The Supreme Court Decision 62M20 Decided May 10, 1962 cited in the ground of appeal is related to the case where Article 1 of the Punishment of Violences, etc. Act (amended by Act No. 625 of Jun. 20, 1961) provides that "the purpose of this Act is to punish a person who disturbs social order and creates social anxiety by committing an act of violence, etc. collectively or habitually." Since the purpose of this Act (amended by Act No. 1108 of Jul. 14, 1962) is to punish a person who commits an act of violence, etc. collectively, habitually or at night, it is inappropriate to invoke the judgment in this case under the former Act before the amendment. The ground of appeal disputing this point is not acceptable.

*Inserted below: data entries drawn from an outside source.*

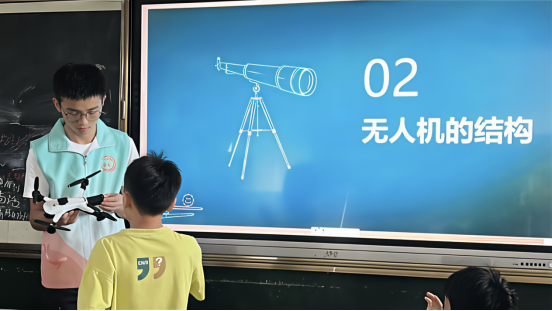 7月8日,当志愿者们走进教室,迎接他们的是一双双充满好奇与求知光芒的眼睛。此次托管班的核心课程—无人机与智能小车的科普宣讲正式开始,志愿者化身深入浅出的科技引路人,从螺旋桨的嗡鸣如何托举飞行器升空,到精密的控制系统如何指挥无人机翱翔天际,复杂的原理被巧妙转化为孩子们能理解的生动语言。他们不仅探讨了无人机在航拍、紧急救援、农业监测等领域的广泛应用,更引导孩子们大胆畅想其在未来的无限可能。
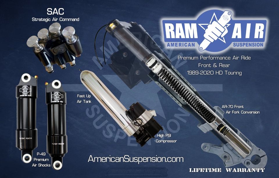 P-49™ air shock combines the precision road holding of a racing shock with the butter soft ride of luxury. The amazing P-49™ uses adaptive control valving ™combined with user adjustable Strategic Air Command Module™. RAM AIR™ is the Air ride system you have been waiting for. Compare the American Suspension RAM AIR™ to any other air system and you will see the remarkable ease of use offered with RAM AIR™. RAM AIR™ is plug and play like no other. Instead of littering components about the bike, the American Suspension® RAM AIR ™ incorporates everything into a single chunk of Made in the USA Billet 6061-T6. You just attach two bolts and plug everything in – and you are done. As simple as the RAM AIR ™ is to install, the inner working of the P-49 are highly complex. Multiple valving circuits seamlessly transition the ride from a bumpy back road to gliding down a smooth slab. The entire billet suspension unit is coated in our proprietary MOS2X™ coating. This miracle coating all but eliminates friction and provides a magic ride. Unlike our competitors the AMERICAN SUSPENSION P-49 is machined from aerospace materials right here in the USA. If you love to ride your bike, ride American Suspension.
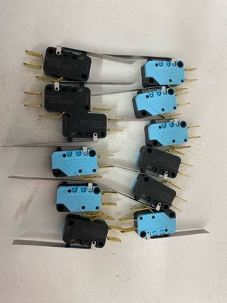 Lote de 12 interruptores finales de carrera conmutados de alta calidad. Son ideales para diversas aplicaciones. Si necesitas mas, preguntame - Color: Negro y azul. - Material: Plástico y metal.
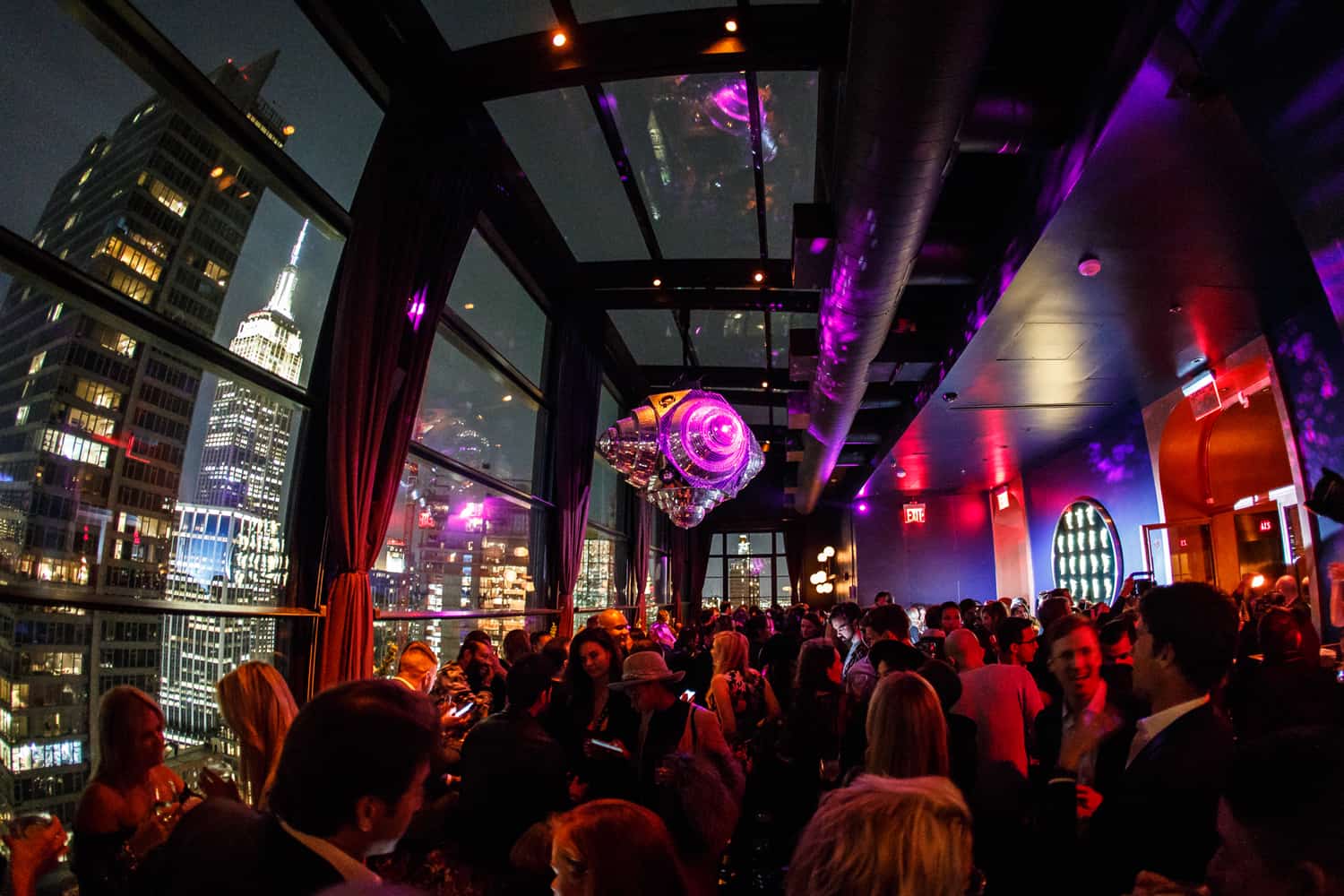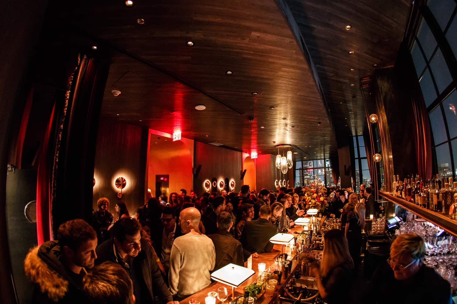 Look at those views! The space opened to a massive crowd, eager for a new go-to spot in NYC. The dual bars each present stunning views of Manhattan, thanks to floor-to-ceiling windows. Meanwhile, elegant seating areas provide intimate spaces to catch up with friends, or elaborate ways to stage a selfie.
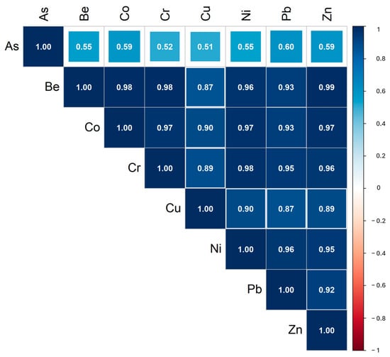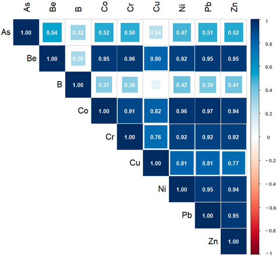 With the exception of As, the matrices show a consistent trend in pairwise correlations, suggesting that these M&Ms could have a common source. This may be influenced by the bedrock composition, which strongly controls the overlying soil, as soil formation primarily involves rock weathering [54].
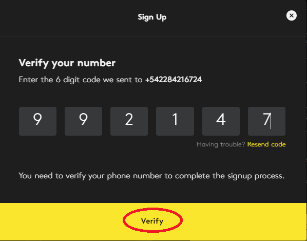 Una vez que hayamos culminado el paso 3, la propia plataforma nos enviará un mensaje de texto al número de teléfono que hayamos registrado, con un código de 6 dígitos que sirve para verificar nuestra identidad y confirmar la cuenta. Este código debemos completarlo en la siguiente pantalla que nos aparece dentro de la web, que tiene justamente 6 espacios en blanco. Cuando lo completemos solamente nos quedará hacer click en el botón amarillo que dice Verify, y podremos pasar a la siguiente instancia.
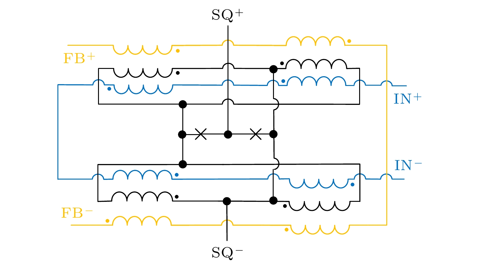 0, the mutual inductance between SQUID loop and feedback coil is 23 pH. The second-order gradiometric cross-coupled SQUID current sensor has a white flux noise of 2 μ
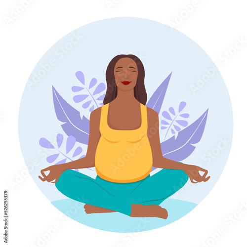 Pregnant dark-skinned woman meditating in nature. Illustration in flat style. Concept illustration for prenatal yoga, meditation, relax, healthy lifestyle.
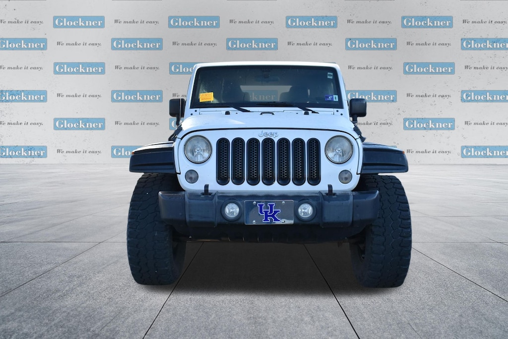Glockner Chrysler Dodge Jeep Ram of Ashland is proud to offer this great-looking and fun 2014 Jeep Wrangler in Bright White Clearcoat. This 2014 Jeep Wrangler has passed our comprehensive inspection and comes with the following features; Connectivity Group (Remote USB Port, Tire Pressure Monitoring Display, Uconnect Voice Command w/Bluetooth, and Vehicle Information Center), Quick Order Package 24B, 1-Year SIRIUSXM Radio Service, 16" x 7.0" Luxury Styled Steel Wheels, 3.21 Rear Axle Ratio, 4-Wheel Disc Brakes, 6 Speakers, ABS brakes, Air Conditioning, AM/FM radio, Brake assist, CD player, Cloth Bucket Seats, Compass, Driver door bin, Driver vanity mirror, Dual front impact airbags, Electronic Stability Control, Engine Block Heater, Front anti-roll bar, Front Bucket Seats, Front Center Armrest w/Storage, Front fog lights, Integrated roll-over protection, Low tire pressure warning, Manufacturer's Statement of Origin, Normal Duty Suspension, Occupant sensing airbag, Outside temperature display, Passenger door bin, Passenger vanity mirror, Power steering, Premium Black Sunrider Soft Top, Radio: Uconnect 130 AM/FM/CD/MP3, Rear anti-roll bar, SIRIUS Satellite Radio, Speed control, Steering wheel mounted audio controls, Sunrider Soft Top, Tachometer, Tilt steering wheel, Traction control, Trip computer, and Variably intermittent wipers.

B. According to the provisions of Article 232(3) and (1) of the Criminal Procedure Act, in a case where a crime cannot be prosecuted against the clearly expressed will of the victim, a declaration of wishing to punish may be made not later than the time the judgment of the court of first instance is rendered, and the subsequent declaration of wish has no effect (see Supreme Court Decision 86Do325, Mar. 25, 1986).

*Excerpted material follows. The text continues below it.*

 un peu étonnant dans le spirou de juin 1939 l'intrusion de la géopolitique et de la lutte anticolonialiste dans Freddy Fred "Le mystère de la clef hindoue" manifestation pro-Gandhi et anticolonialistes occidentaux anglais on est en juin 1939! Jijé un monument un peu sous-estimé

The records reveal that the victim expressed his/her wish not to punish the defendant on May 26, 200, which was after the court of first instance rendered a decision to the court below on May 26, 2000. Thus, the court below's decision not to dismiss the prosecution on each of the charges of this case is just, and there is no error of law in the misapprehension of legal principles as to the crime of no punishment for failing to punish the defendant. The ground of appeal

2. As to the Defendant’s ground of appeal

The gist of the grounds of appeal by the defendant is that the victim is the spouse of the defendant, and the crime of this case constitutes a crime of domestic violence under Article 2 subparagraph 3 of the Act on Special Cases concerning the Punishment, etc. of Crimes of Domestic Violence, the victim expressed his wish not to punish the defendant, and the defendant's age, character and conduct, home environment and motive of the crime of this case, circumstances before and after the crime of this case, etc., it is necessary to impose the same protective disposition under the same Act rather than sentencing to the defendant. Thus, the judgment of the court below which sentenced the defendant to the punishment of this case is reversed and the defendant'

However, as in the instant case, the reason why the sentence of imprisonment with labor and one year and six months is unreasonable is not a legitimate ground for appeal, and the issue of whether it is reasonable to impose a protective disposition on a prosecuted case which constitutes criminal domestic violence at the discretion of the judge is determined by the discretion of the judge. Therefore, the ground for appeal on this point is not acceptable.

3. Therefore, the appeal shall be dismissed, and part of the number of detention days after the appeal shall be included in the original sentence. It is so decided as per Disposition by the assent of all participating Justices.